If you like, you can think of this as saying that each plane needs a pilot and a co-pilot, and the two vertices associated to each plane now represents those two roles.

The reduction to maximum bipartite matching is linear time, so using e.g. the Hopcroft–Karp algorithm to find the matching, you can solve the problem in O(|E| √|V|) where E is the number of edges between the partitions, and V = T + N.

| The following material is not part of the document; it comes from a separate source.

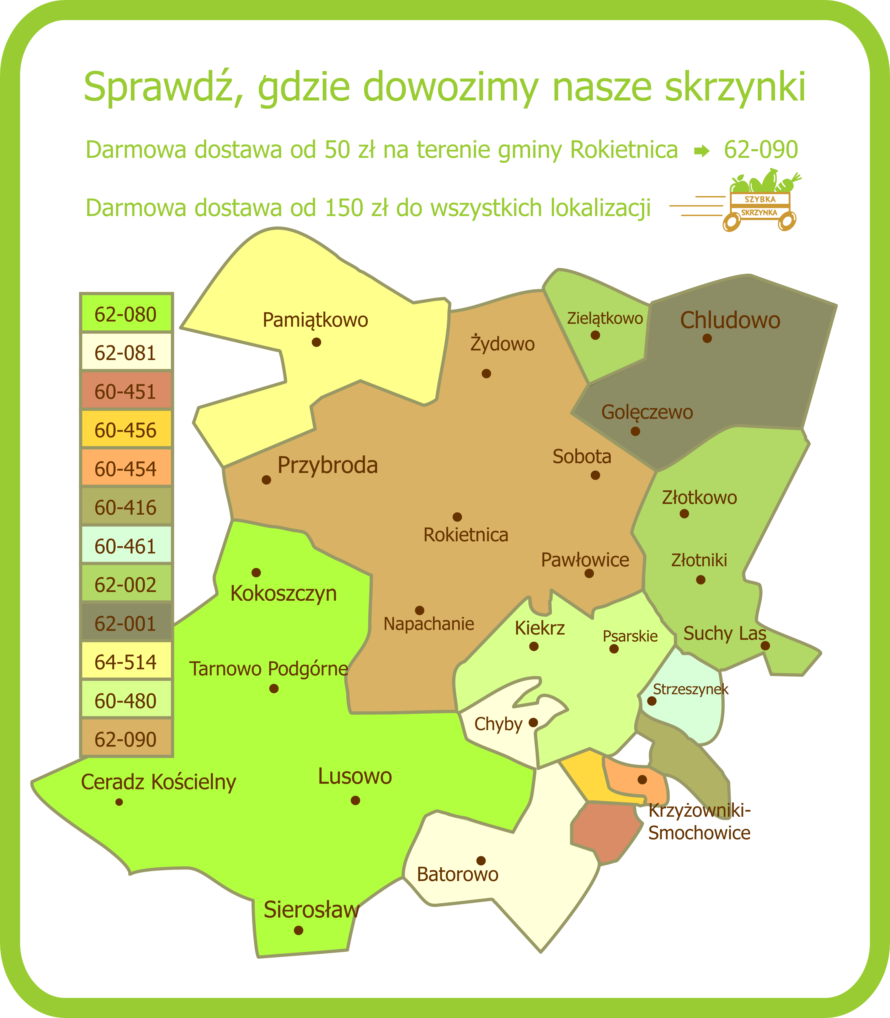 Wracasz zmęczony po pracy i nie masz ochoty stać w długich kolejkach po swoje zakupy? Nasza firma dostarczy Ci twoje ulubione przysmaki pod same drzwi. Zaoszczędź swój cenny czas i wybierz godzinę dostawy, która najbardziej Ci odpowiada. Nasze zamówienia realizujemy już od 50 zł. Wychodząc naprzeciw Państwa oczekiwaniom zorganizowaliśmy darmową wysyłkę na terenie gminy Rokietnica, a w przypadku pozostałych lokalizacji od 150 zł (do zamówień za niższą kwotę należy doliczyć 15zł ). Dostawę realizujemy własnym środkiem transportu z zachowaniem odpowiedniej temperatury i zasad bezpieczeństwa żywności. Dowóz realizujemy w półtoragodzinnych odstępach czasowych, w przedziale 15:00-20:00, ,a w soboty 6:00-14:00. Zamówienia złożone do godziny 19:00 będą realizowane już następnego dnia. Zmieniły Ci się plany i wiesz, że nie zdążysz odebrać zakupów? Nic nie szkodzi, poinformuj nas o tym telefonicznie i razem wybierzmy nową godzinę. Jeśli możesz, nie wyrzucaj swojej skrzynki, chętnie ją od Ciebie weźmiemy przy następnej okazji. Nie wiesz o której wrócisz do domu? Nie ma problemu! Dajemy państwu możliwość odbioru swojego zamówienia osobiście w siedzibie naszej firmy. Wystarczy podjechać autem pod bramę, przedzwonić na podany numer, poinformować, że jest się na miejscu i skrzynka trafia w państwa ręce.

In practice, the improvement over using a maximum flow based approach should depend on the quality of your implementations as well as the particular choice of representation of the graph, but chances are that you're better off this way.

Implementation example

To illustrate the last point, let's give an idea of how the two reductions could look in practice. One representation of a graph that's often useful due to its built-in memory locality is that of a CSR matrix, so let us assume that the input is such a matrix, whose rows correspond to the planes, and whose columns correspond to the pilots.

We will use the Python library SciPy which comes with algorithms for both maximum bipartite matching and maximum flow, and which works with CSR matrix representations for graphs under the hood.

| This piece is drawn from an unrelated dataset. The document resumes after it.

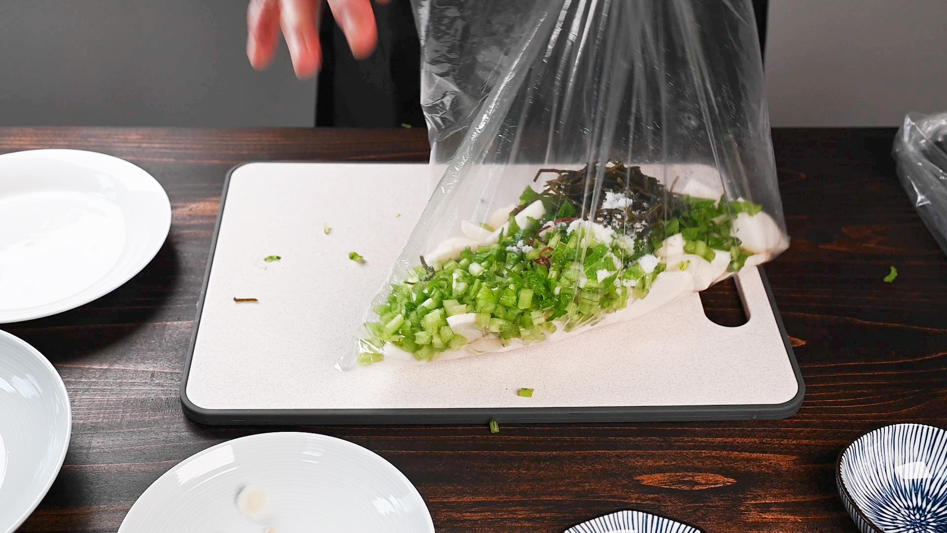 ポリ袋にカブの実と葉、切り昆布、輪切り唐辛子、塩を入れて振ります。

In the algorithm given above, we will then need to construct the biadjacency matrix of the graph with the additional vertices added. This is nothing but the result of stacking the input matrix on top of itself, which is straightforward to phrase in terms of the CSR data structures: Following Wikipedia's notation, COL_INDEX should just be repeated, and ROW_INDEX should be replaced with ROW_INDEX concatenated with a copy of ROW_INDEX in which all elements are increased by the final element of ROW_INDEX.

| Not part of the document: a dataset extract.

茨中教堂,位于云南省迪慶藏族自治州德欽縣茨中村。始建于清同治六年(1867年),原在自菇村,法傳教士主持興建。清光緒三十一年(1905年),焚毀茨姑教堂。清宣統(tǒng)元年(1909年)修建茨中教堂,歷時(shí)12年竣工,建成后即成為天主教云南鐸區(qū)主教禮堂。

In SciPy, a complete implementation which answers yes or no to the problem in OP would look as follows:

import numpy as np
from scipy.sparse.csgraph import maximum_bipartite_matching

def reduce_to_max_matching(a):
    i, j = a.shape
    data = np.ones(a.nnz * 2, dtype=bool)
    indices = np.concatenate([a.indices, a.indices])
    indptr = np.concatenate([a.indptr, a.indptr[1:] + a.indptr[-1]])
    graph = csr_matrix((data, indices, indptr), shape=(2*i, j))
    return (maximum_bipartite_matching(graph) != -1).sum() == 2 * i

In the maximum flow approach given by @HeatherGuarnera's answer, we will need to set up the full adjacency matrix of the new graph. This is also relatively straightforward; the input matrix will appear as a certain submatrix of the adjacency matrix, and we need to add a row for the source vertex and a column for the target. The example section of the documentation for SciPy's max flow solver actually contains an illustration of what this looks like in practice. Adopting this, a complete solution looks as follows:

import numpy as np
from scipy.sparse.csgraph import maximum_flow

def reduce_to_max_flow(a):
    i, j = a.shape
    n = a.nnz
    data = np.concatenate([2*np.ones(i, dtype=int), np.ones(n + j, dtype=int)])
    indices = np.concatenate([np.arange(1, i + 1),
                              a.indices + i + 1,
                              np.repeat(i + j + 1, j)])
    indptr = np.concatenate([[0],
                             a.indptr + i,
                             np.arange(n + i + 1, n + i + j + 1),
                             [n + i + j]])
    graph = csr_matrix((data, indices, indptr), shape=(2+i+j, 2+i+j))
    flow = maximum_flow(graph, 0, graph.shape[0]-1)
    return flow.flow_value == 2*i

Let us compare the timings of the two approaches on a single example consisting of 40 planes and 100 pilots, on a graph whose edge density is 0.1:

from scipy.sparse import random
inp = random(40, 100, density=.1, format='csr', dtype=bool)
%timeit reduce_to_max_matching(inp)  # 191 µs ± 3.57 µs per loop
%timeit reduce_to_max_flow(inp)      # 1.29 ms ± 20.1 µs per loop

The matching-based approach is faster, but not by a crazy amount. On larger problems, we'll start to see the advantages of using matching instead; with 400 planes and 1000 pilots:

inp = random(400, 1000, density=.1, format='csr', dtype=bool)
%timeit reduce_to_max_matching(inp)  # 473 µs ± 5.52 µs per loop
%timeit reduce_to_max_flow(inp)      # 68.9 ms ± 555 µs per loop

Again, this exact comparison relies on the use of specific predefined solvers from SciPy and how those are implemented, but if nothing else, this hints that simpler is better.